Records shown:

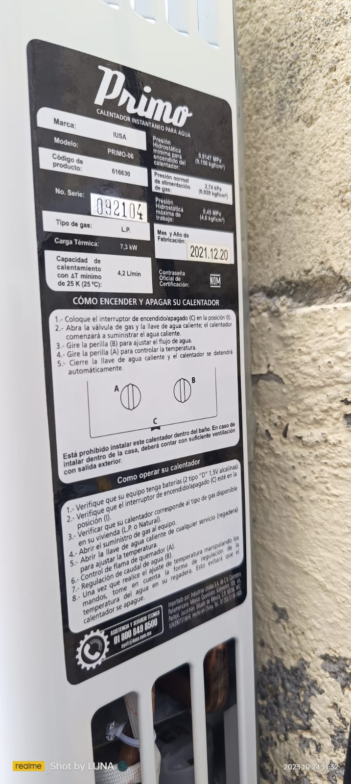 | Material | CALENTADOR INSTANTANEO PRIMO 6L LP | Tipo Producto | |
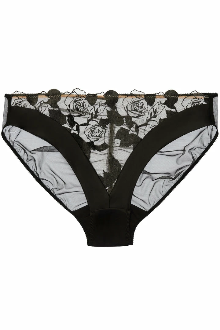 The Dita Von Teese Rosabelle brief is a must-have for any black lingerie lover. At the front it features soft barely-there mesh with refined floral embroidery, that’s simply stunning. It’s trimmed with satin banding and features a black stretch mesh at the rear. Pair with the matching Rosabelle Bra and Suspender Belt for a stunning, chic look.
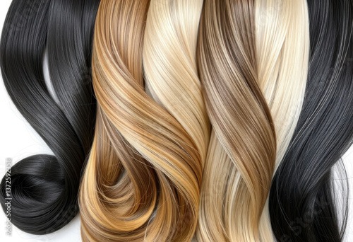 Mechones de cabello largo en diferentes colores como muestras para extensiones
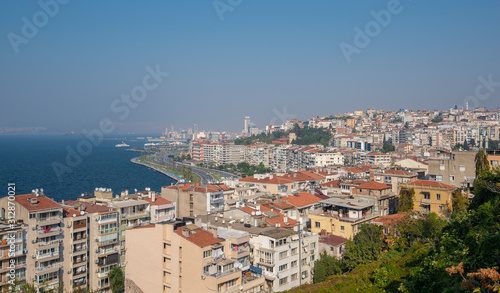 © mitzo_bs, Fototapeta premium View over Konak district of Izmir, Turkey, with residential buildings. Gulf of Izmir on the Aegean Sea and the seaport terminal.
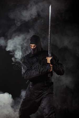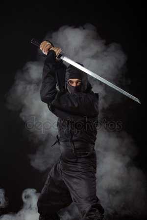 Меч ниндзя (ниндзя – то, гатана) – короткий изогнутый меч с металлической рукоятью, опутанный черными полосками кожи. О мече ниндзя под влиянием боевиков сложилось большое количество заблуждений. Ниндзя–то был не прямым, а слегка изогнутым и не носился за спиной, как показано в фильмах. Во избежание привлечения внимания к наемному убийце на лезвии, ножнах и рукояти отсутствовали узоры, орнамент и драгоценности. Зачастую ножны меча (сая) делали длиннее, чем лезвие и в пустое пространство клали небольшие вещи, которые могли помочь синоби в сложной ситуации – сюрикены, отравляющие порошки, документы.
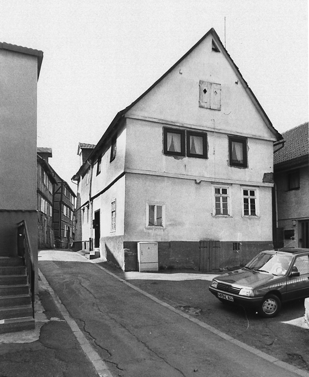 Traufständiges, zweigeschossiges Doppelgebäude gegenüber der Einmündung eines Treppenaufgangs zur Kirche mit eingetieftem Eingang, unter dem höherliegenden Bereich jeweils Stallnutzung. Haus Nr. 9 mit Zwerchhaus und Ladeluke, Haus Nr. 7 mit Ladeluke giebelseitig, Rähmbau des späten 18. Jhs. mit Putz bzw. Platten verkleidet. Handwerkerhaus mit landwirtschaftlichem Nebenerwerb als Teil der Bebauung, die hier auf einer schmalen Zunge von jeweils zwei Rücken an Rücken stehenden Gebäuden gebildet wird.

The task: In the entries above, find the line with "Mechones de cabello" and the line with "the seaport terminal.". Return exactly those lines and all the ones between them, pictures excluded.

Result:
 Mechones de cabello largo en diferentes colores como muestras para extensiones
 © mitzo_bs, Fototapeta premium View over Konak district of Izmir, Turkey, with residential buildings. Gulf of Izmir on the Aegean Sea and the seaport terminal.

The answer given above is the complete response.